Wenige Unternehmen beherrschen den Launch neuer Produkte so gut wie Apple. Das wurde erneut klar, als das Unternehmen aus Cupertino diesen Sommer „Apple Vision Pro“ präsentierte – ein Video zeigte im Raum schwebende App-Menüs, Websites, die die Nutzerin mit einfachen Handgesten in ihrem Wohnzimmer herumschiebt, Spiele, die ein neues Level von Immersion versprechen, und Filme, die fast das gesamte Blickfeld umspannen. „Mit Apple Vision Pro können Sie den perfekten Arbeitsbereich schaffen – egal, wo Sie sich befinden“, versprach eine Stimme in der Präsentation.
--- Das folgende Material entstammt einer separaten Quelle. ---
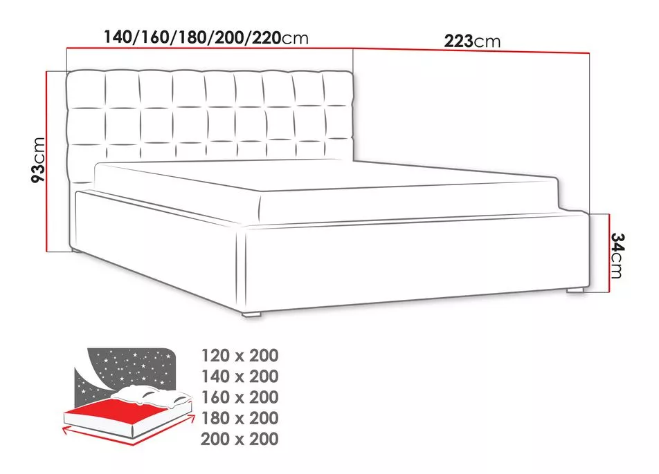 Součástí postele je rošt. Vhodnou matraci a topper k dokoupení naleznete níže.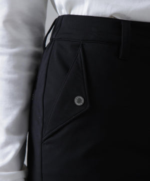 ウエストの一部にゴムを入れて楽なはき心地の実現と温かさをキープしながら、肉厚感を抑えた、着膨れしないスッキリとしたシルエットで仕立てています。

Obwohl die Vorführung viel Beifall erhielt, sind die gezeigten Ideen nicht unbedingt neu. Bereits 2012 wurde Google Glass vorgestellt, eine Augmented-Reality-Brille von Google (Apple Vision Pro verfügt neben AR- auch über Virtual-Reality-Kapazitäten). Das Versprechen: Neben Point-of-View-Videoaufnahmen sollte Google Glass Fussgängern interessante Informationen zu Sehenswürdigkeiten, die sie passieren, oder Nachrichten direkt ins Blickfeld einblenden. Elf Jahre später ist es um Google Glass jedoch ziemlich ruhig geworden.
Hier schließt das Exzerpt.